Sanctuary City
On September 26, 1850, six days after President Millard Fillmore signed the federal Fugitive Slave Law requiring Americans to aid in the capture and return of runaway slaves, two deputy U.S. marshals arrested James Hamlet in New York City as he was working at his job as a porter. Hamlet, a runaway slave, had fled bondage in Baltimore, Maryland. He had arrived in New York by train in 1848 and, with his wife and three children, had settled near Brooklyn in a township then called “Williams-burgh.” Distance conferred only the illusion of freedom. Hamlet’s owner, Mary Brown, dispatched slave catchers—her son Gustavus Brown, son-in-law Thomas Clare, and a hired agent. In New York, the three presented documents to a federal official who ordered Hamlet arrested and, on the spot, held a hearing at which Hamlet was barred from testifying. The presiding officer agreed that Brown owned the Black man, ordered Hamlet shackled, and had the prisoner hustled aboard a steamship to Baltimore, where Brown put her returned human chattel up for sale.

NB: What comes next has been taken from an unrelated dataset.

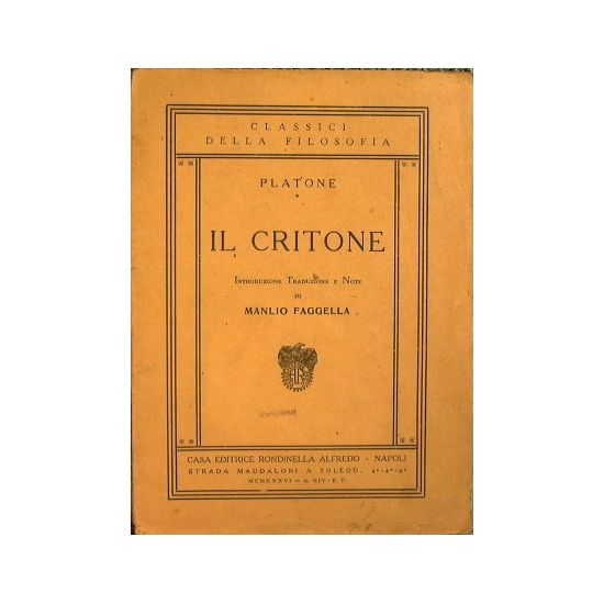 Classici della filosofia - Introduzione, traduzione e note di Manlio Faggella - in 8° - pp.29 - Brossura editoriale - Lievi note d'appartenenza

The Hamlet episode marked the Fugitive Slave Law’s debut. The case emphasized the difficulty of implementing that much-disputed measure, enacted to compel the return to slave states of runaways in free states. Previously, slaves who reached a free state could claim freedom. Hamlet’s pursuer, Thomas Clare, told the New York press the price of his prisoner’s freedom was $800. On September 31, more than 2,000 members of Black civic organizations and a “slight and visible sprinkling of white abolitionists” packed the African Methodist Episcopal Zion Church on Church Street in Manhattan; a pass of the collection plate met Brown’s price. Back in New York, Hamlet appeared October 5 at a “great mass meeting of colored citizens” at City Hall Park in Manhattan. He told the crowd that when he was to go on the block in Baltimore would-be purchasers heard warnings to avoid buying him because “he had tasted liberty, and therefore could never be held again in chains.”